03 October 2006
Voluntary work in the Gambia
Edmund Woodfield says his summer of voluntary work left a huge impression on him - and the people his team helped.
There have been several articles on Your Say debating the merits of a gap year: is it a worthwhile way to spend your efforts and money or is it just a way of making yourself feel good? I had these worries on my mind when I made a one month trip to the Gambia in August, after I had done my GCSEs.
Katie Dunn would argue that the £1,500 I had to raise to go to the Gambia would have been far better spent if it went directly to a charity like Oxfam. But would this have had the same effect?
In total, there were 13 people in the team that went out to the Gambia - four adult leaders and nine teenagers. We stayed in a fairly large town called Farafenni and our time was divided between practical work, ie decorating the guesthouse of the school where we were staying, taking part in children's activities and visiting nearby villages where the local church was going to be spending the money we raised for the benefit of the communities.

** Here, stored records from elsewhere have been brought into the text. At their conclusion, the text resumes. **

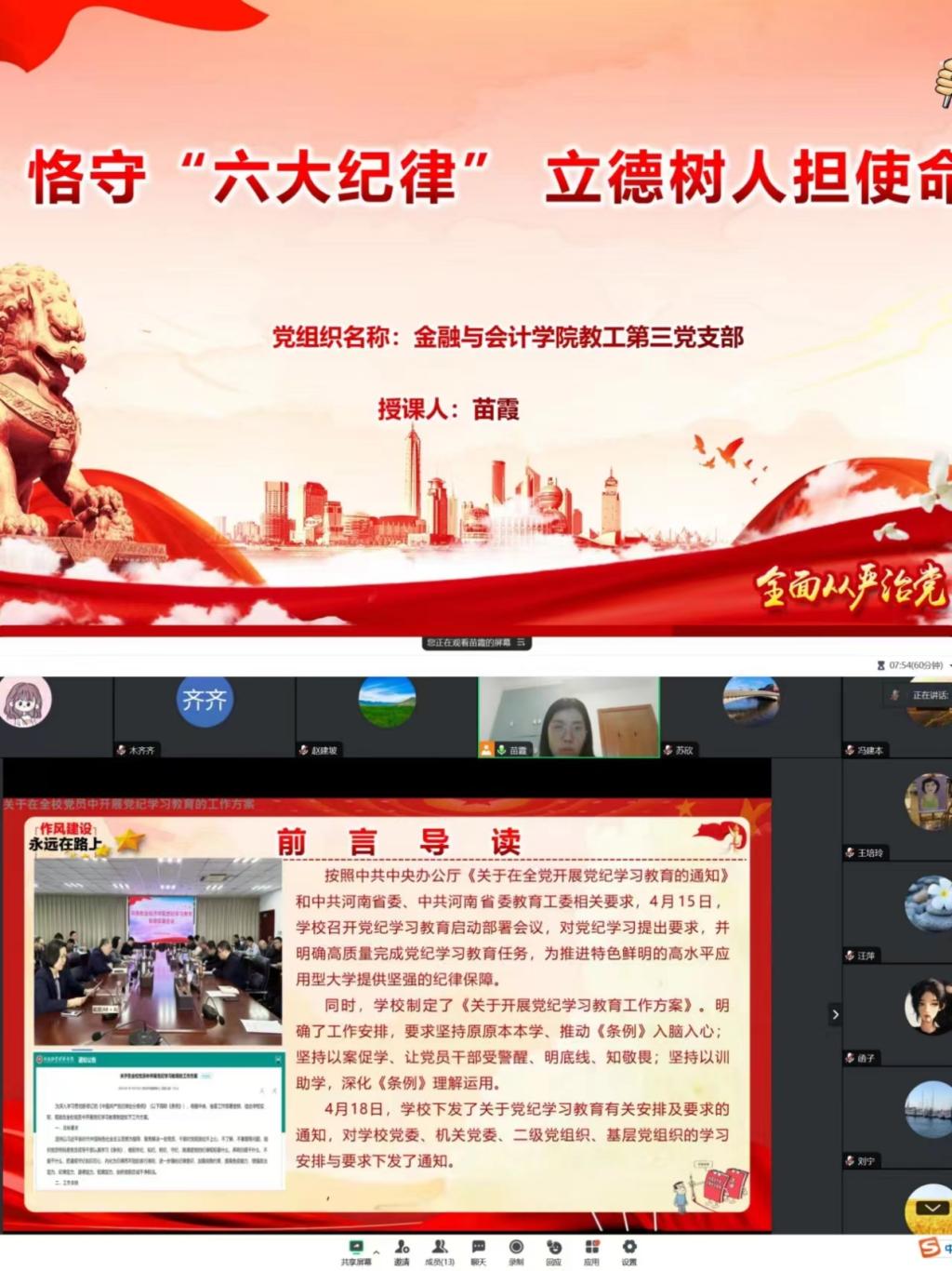 为进一步强化党纪学习教育效果,推动党纪学习教育走深走实,强化支部党员教师纪律意识,为学校事业高质量发展提供坚强纪律保障,2024年6月28日上午,Beat365唯一官方网站教工第三党支部书记苗霞同志以“恪守六大纪律、立德树人担使命”为主题开展党课活动,支部全体党员教师参加了学习与研讨。
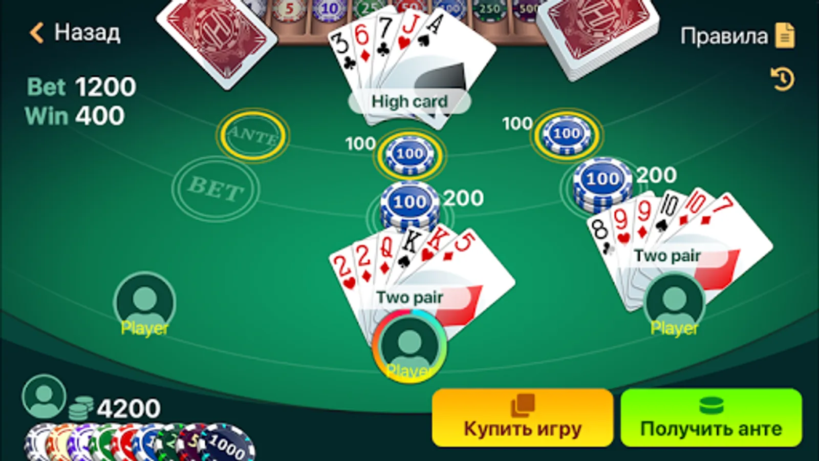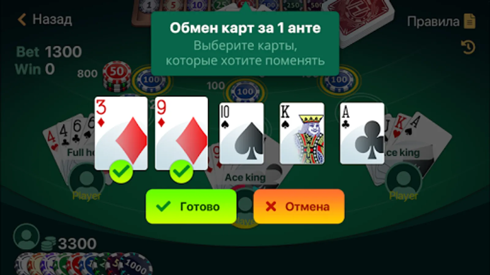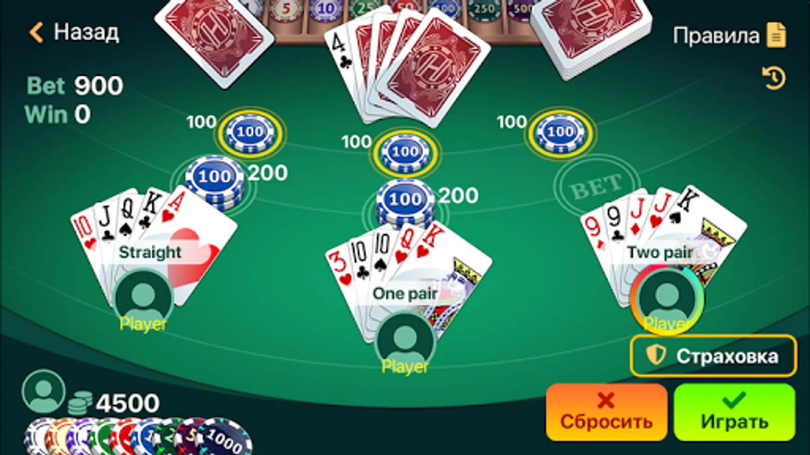 The HomeGames application offers users to plunge into the atmosphere of a real casino and feel the exciting excitement of the game. The simulator offers to play the Russian poker card game. Find a suitable room, sit down at a table that you like and you will find yourself next to other players from around the world.
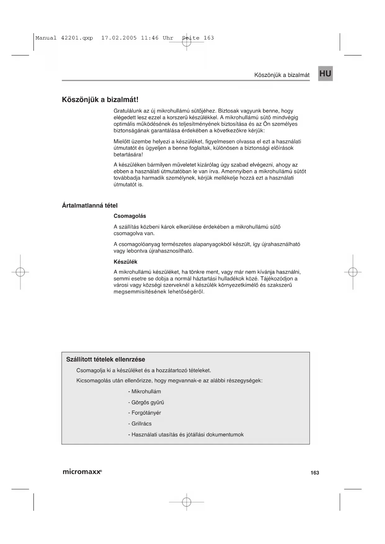HASZNÁLATI ÚTMUTATÓ MM 42201 Micromaxx

It seemed like the worry in my head was put to rest the first evening that we spent in Farafenni. Dozens of women and children came from a local village called Jigimar to welcome us. Last year's team had had such a profound impact on their lives that they felt they had to show their appreciation to us by giving us what must have been an extremely generous gift from them - a big tub of cold drinks and a few packets of food. One woman even offered to wash all our clothes for free.
This display of deep gratitude - despite the fact that we ourselves had not even done anything for them yet - was proof that our time in the Gambia would have a huge benefit for places like Jigimar. They had been given some land and a well by the previous Crusaders team and to them this was no small thing. Though they knew that this time we had come mostly to help other villages, they were overcome with emotion at our presence. This sentiment was repeated by other villages when we visited the places where most of our money was to be spent.
What occurred to me most when visiting these villages was that people didn't thank us so much for giving them the money to improve their lives; they thanked us for caring enough about these people who we didn't know to come all the way over to the Gambia to help them. People living in poverty don't always think of money as their greatest need. What some care most about is having the sense that people are concerned for their situation and determined to do something about it. Personally going to a developing country gives people this assurance.